Marrakech is one of those markets that generates strong opinions on both sides. Advocates point to strong rental yields, tourism growth, competitive entry prices versus Europe, and the 2030 World Cup catalyst. Sceptics point to lower liquidity than Western markets, currency risk, and a national property market that saw a 14.5% decline in transaction volumes in early 2025. Both sides have a point.

This article gives you the honest picture — not a sales pitch, not a doomsday narrative. We are practitioners who build properties in Marrakech for international clients every year, through our partnership with AE Architectes. We see the market from the inside. The verdict below reflects what the numbers actually show — and what they don't.

What this analysis covers

  • The Marrakech market in numbers: 2025 data
  • Rental yields: gross vs net reality
  • Capital appreciation: what has actually happened
  • How Marrakech compares to Southern Europe
  • The 2030 World Cup effect
  • Real risks — honestly assessed
  • Why building beats buying for serious investors
  • Our honest verdict

The Marrakech market in numbers: 2025

3–7% Annual price appreciation Established areas, 2024
19.8M Tourist arrivals in Morocco 2024, 40% via Marrakech
−50% vs Southern Europe entry price Comparable villa markets

The headline figures are positive — but context matters. The 7% gross yield figure is a market average that includes everything from city-centre apartments to premium Palmeraie villas. The properties that achieve this yield are not the cheapest properties in the market. A well-designed, well-positioned premium villa with a pool in an established area, managed professionally, will achieve this.
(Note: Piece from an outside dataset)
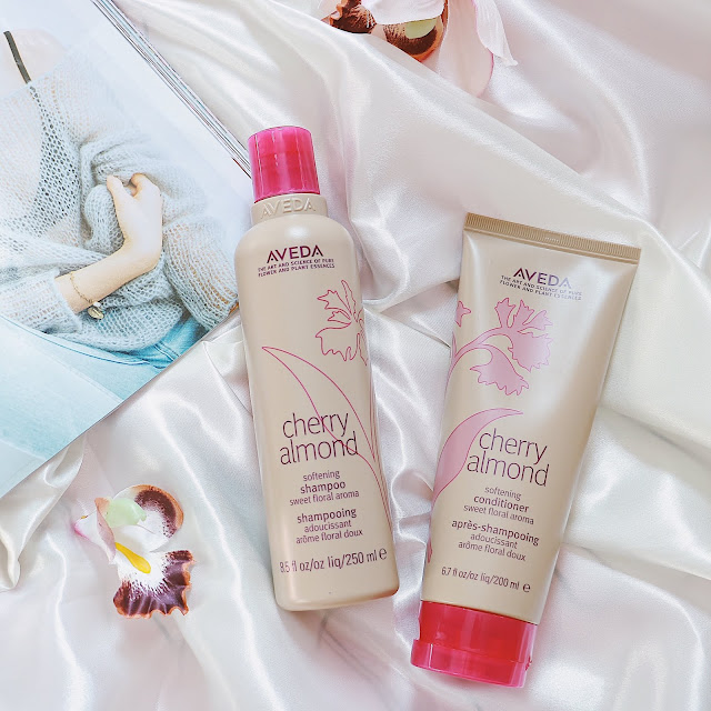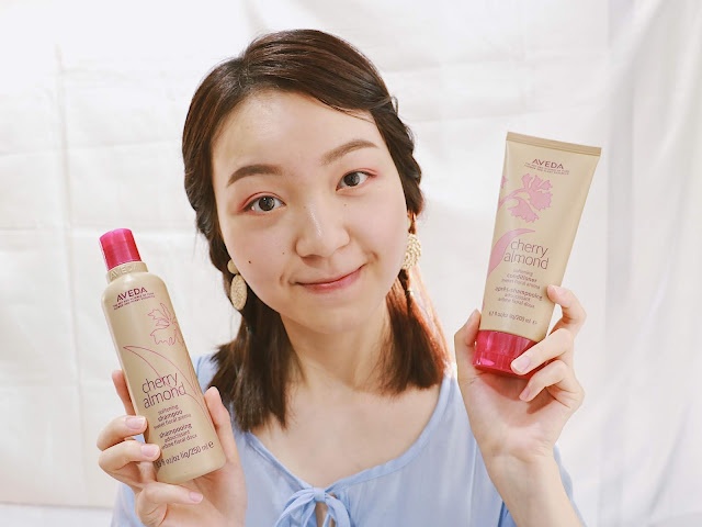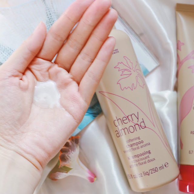 幸福甜美香氣 CherryAlmond 櫻花甜杏輕柔系列,杏仁的香氣很突出,甜甜的,杏仁能有效滋潤修護髮絲,我自己最喜歡就是這個,即時軟化柔順頭髮,防止打結,像我經常會染髮或者經常燙髮電髮就很適合使用這個啦。

A poorly located, indifferently managed property will significantly underperform.

The national transaction volume decline of 14.5% in early 2025 reflects a market-wide cooling — higher interest rates in Morocco (the benchmark rate held at 2.75%), tighter mortgage conditions for foreigners, and some post-pandemic demand normalisation. Marrakech has been more resilient than the national average, with prices continuing to rise in the luxury and premium segments, but it is not immune to broader macroeconomic conditions.
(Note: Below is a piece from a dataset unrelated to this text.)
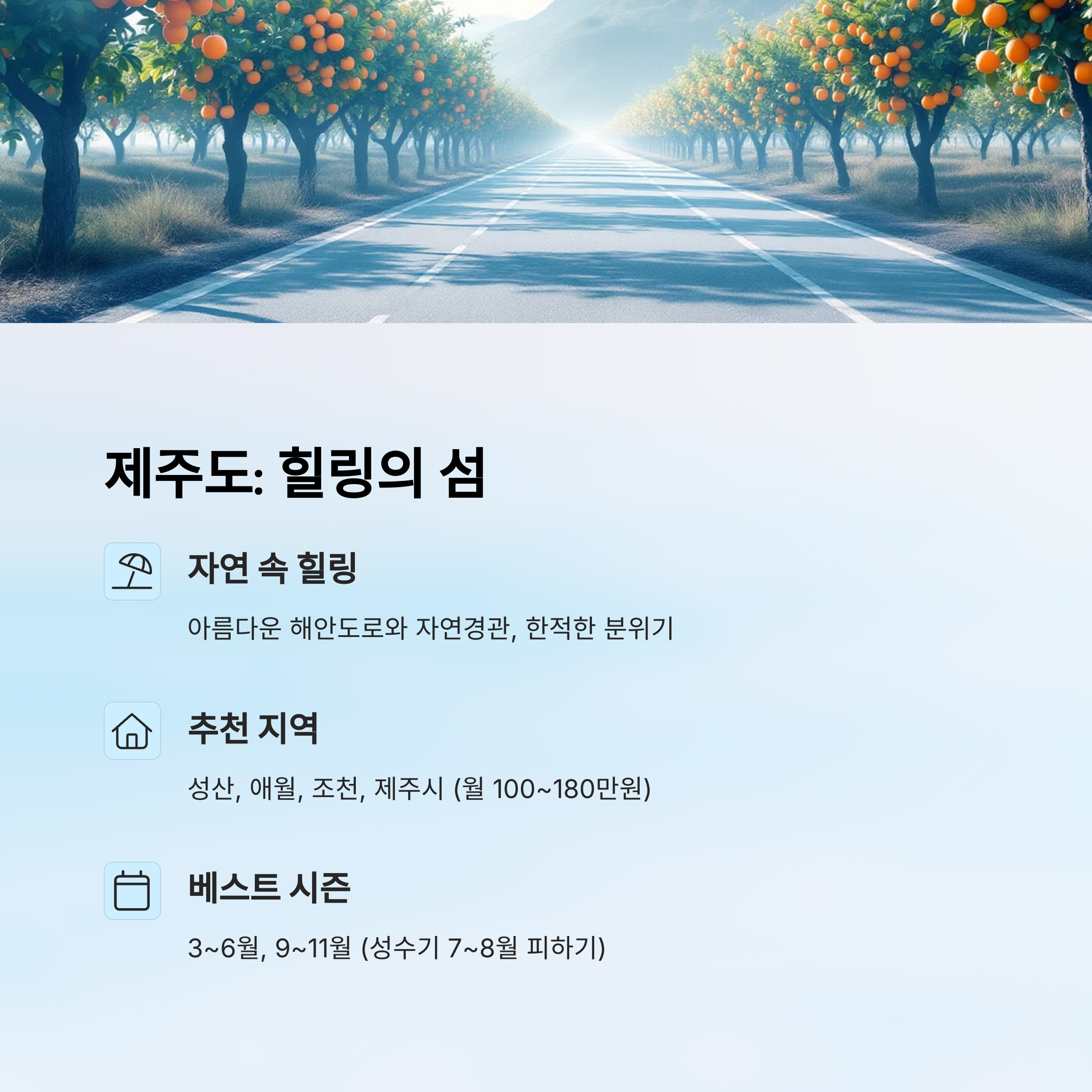 제주는 도시에서 벗어나 삶을 돌아보고 싶을 때 가장 먼저 떠오르는 선택지예요. 특히 혼자만의 시간을 갖고 싶을 때, 혹은 커플이나 부부가 새로운 삶의 흐름을 느끼고 싶을 때 진짜 딱이에요. 자연 속에서 나를 재정비하는 시간, 제주가 그걸 가능하게 해줘요 🧘

Rental yields: the reality behind the headline

The 7 to 12% gross yield figures you see in property marketing are real — but they tell an incomplete story. Here is the full picture.

Property Type Gross Yield Management & Maintenance Net Yield (est.) Income Tax
Premium villa, Palmeraie (STR) 6 – 9% ~25% of revenue + 1–2% maintenance 4 – 6% Progressive rate after 40% deduction
Premium villa, Palmeraie (LTR) 4 – 6% ~10% management + 1% maintenance 3 – 5% Lower effective rate, stable income
Riad, Medina (STR boutique) 8 – 12% ~30% management + 3–5% maintenance 4 – 7% Plus tourist accommodation licence
Apartment, Guéliz / Hivernage 5 – 8% ~15% management + 0.5% maintenance 4 – 6% Lower costs, good liquidity
STR = short-term rental. LTR = long-term rental. Net yield estimates before personal income tax. Moroccan tax applies a 40% expense deduction before progressive income tax on rental income.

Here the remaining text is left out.